Domenica 15 Gennaio 2017 - 23:00

La Juve cade a Firenze: Kalinic e Badelj riaprono il campionato

Roma a -1 dai bianconeri e Napoli a -4

Serie A, Juve cade a Firenze: Kalinic-Badelj riaprono campionato

Una grande Fiorentina ferma la marcia della Juventus e riapre il campionato. Nel posticipo serale della prima giornata di ritorno i bianconeri ai arrendono 2-1 al 'Franchi' e vedono avvicinarsi a -1 la Roma e a -4 il Napoli, anche se la squadra di Allegri ha ancora la gara con il Crotone da recuperare. A lanciare la formazione di Sousa, protagonista di un grande primo tempo, sono le reti di Kalinic e di Badelj, la reazione dei bianconeri frutta solo la rete del solito Higuain. Nel finale grossa chance sprecata dai campioni d'Italia con Dybala, in serata negativa. Davanti all'ex premier Renzi e al ct Ventura successo meritato per i toscani, che dimostrano di crederci di più e tornano in corsa per l'Europa: anche i viola hanno un match da recuperare. Allegri dovrà invece riflettere: per i bianconeri è la quarta sconfitta, ancora in trasferta.
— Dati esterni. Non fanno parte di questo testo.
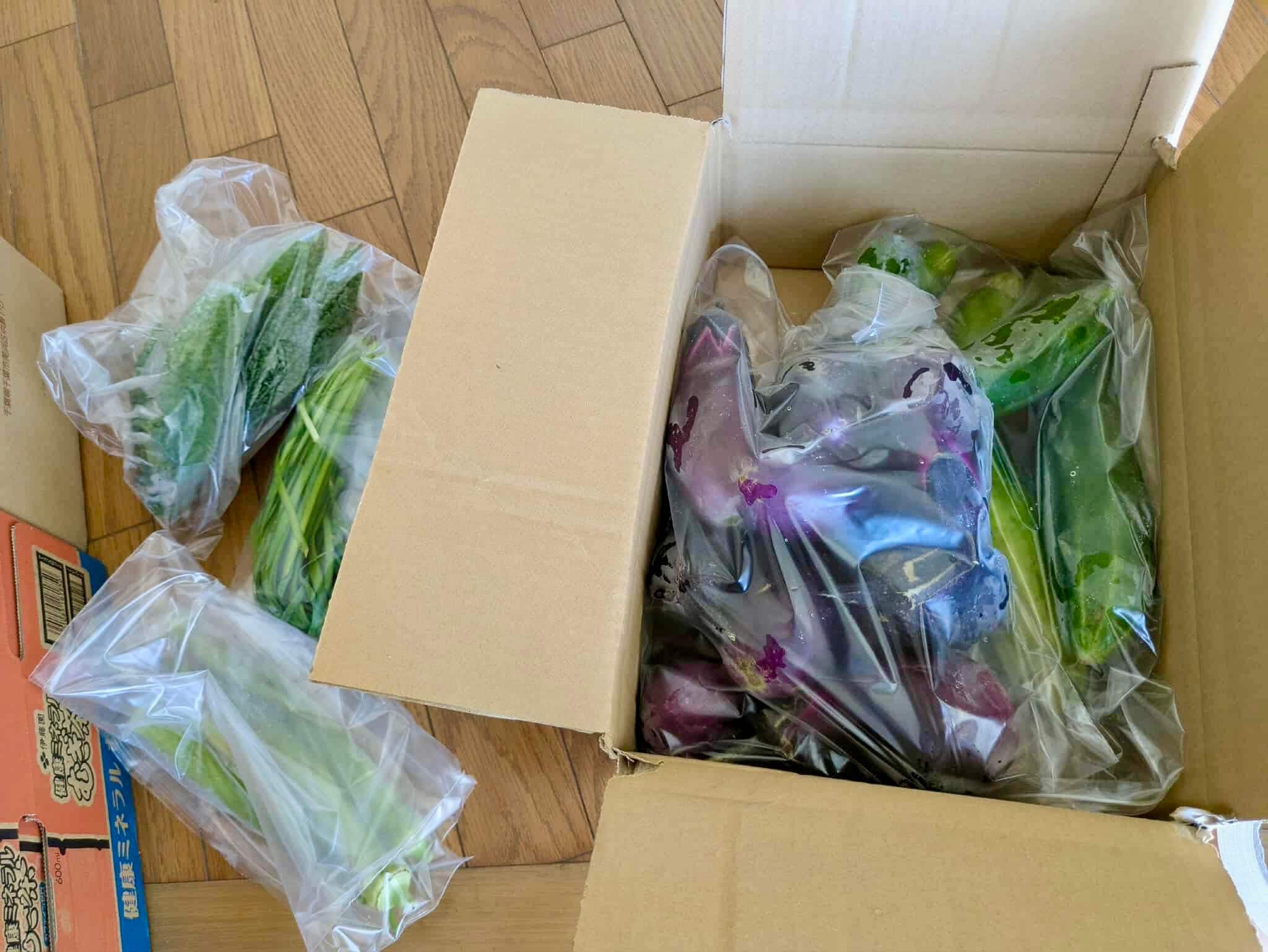 茄子、キュウリ、ニラ、ゴーヤ、オクラを送っていただけたようです。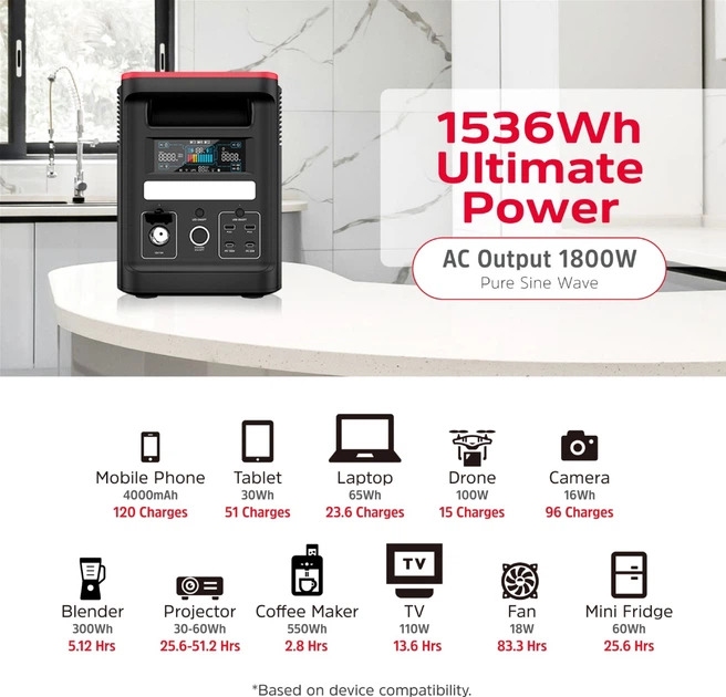 Зарядна станція сумісна з такими енергоємними приладами та пристроями, як електрична плита, мікрохвильова піч, кондиціонер і холодильник. Вона витримує загальну миттєву вихідну потужність до 2700 Вт.

Nessuna sorpresa nelle scelte di Allegri. In avanti spazio al tandem Dybala-Higuain, in difesa torna la 'Bbc', Barzagli, Bonucci e Chiellini. A centrocampo sulla fascia destra c'è Cuadrado, Pjanic resta in panchina. Sousa si affida in avanti a Kalinic, corteggiatissimo dalla Cina, e dà fiducia al giovane Chiesa, fresco di rinnovo. Confermato Sanchez nel pacchetto arretrato. Coreografia dei brividi al Franchi, con la Fiesole che rende omaggio al 'ritorno a casa' di Giancarlo Antognoni formando la scritta 'Unico 10'. In campo avvio frizzante dell'undici di Sousa. Buffon è subito chiamato all'intervento per sventare un potente rasoterra di Vecino dal limite. Poco dopo, è il palo esterno a salvare il numero uno bianconero sulla botta mancina dell'uruguaiano, penetrato in area dopo il servizio di Oliveira. Ancora Fiorentina pericolosa con uno spunto di Chiesa, che si libera di Chiellini ed impegna Buffon. Il successivo nuovo tentativo da fuori dell'ispiratissimo Vecino non inquadra lo specchio. La Juventus soffre l'organizzazione di gioco dell'undici di Sousa e cerca di scuotersi con un sinistro centrale di Alex Sandro che però non crea grattacapi a Tatarusanu. Altro pericolo in area bianconera con un traversone di Borja Valero che Kalinic non riesce ad impattare al meglio. Al 37', il meritato vantaggio dei viola: Bernardeschi verticalizza per Kalinic, il croato entra in area a batte con un gran destro in diagonale Buffon. La squadra di Allegri si getta in avanti alla ricerca del pari e lo sfiora prima dell'intervallo: Higuain ci prova dopo l'appoggio di Khedira, provvidenziale la deviazione di Oliveira da terra.

La ripresa si apre con una grossa chance per la Viola: Chiesa soffia palla ad Alex Sandro e serve Kalinic, il croato giunge al cospetto di Buffon che salva in uscita. Niente può invece SuperGigi in occasione del raddoppio dei padroni di casa: Badelj verticalizza per Chiesa, che si inserisce tra i difensori ma sfiora solo in spaccata: la rete è del croato (10'). La Juventus ha il merito di reagire subito: Olivera non è impeccabile su Sturaro dopo il cross di Khedira, la palla arriva sottoporta ad Higuain che non perdona (13'). Bianconeri ancora vivi e giochi riaperti, Allegri si gioca la carta Pjaca e richiama Sturaro e poi sostituisce Marchisio con Rincon. E' la Juve a tenere palla, la Fiorentina bada a non lasciare varchi. Negli ultimi dieci minuti, il tecnico bianconero tenta il tutto per tutto inserendo pure Mandzukic per Barzagli. E i viola sudano freddo in area: Tatarusanu è strepitoso nell'opporsi ad un'incornata di Higuain, poi sbroglia una pericolosissima mischia. Per un finale che si preannuncia infuocato Sousa si affida alle forze fresche di Tello e Ilicic, fuori tra gli applausi Chiesa e Borja Valero. La Juventus ha la palla del pari con Dybala, che servito da Mandzukic arriva al cospetto di Tatarusanu e spara alle stelle. Scampato pericolo per i viola che in pieno recupero potrebbero chiuderla con Ilicic: il croato scatta sull'invito di Kalinic ma davanti a Buffon spedisce sul fondo.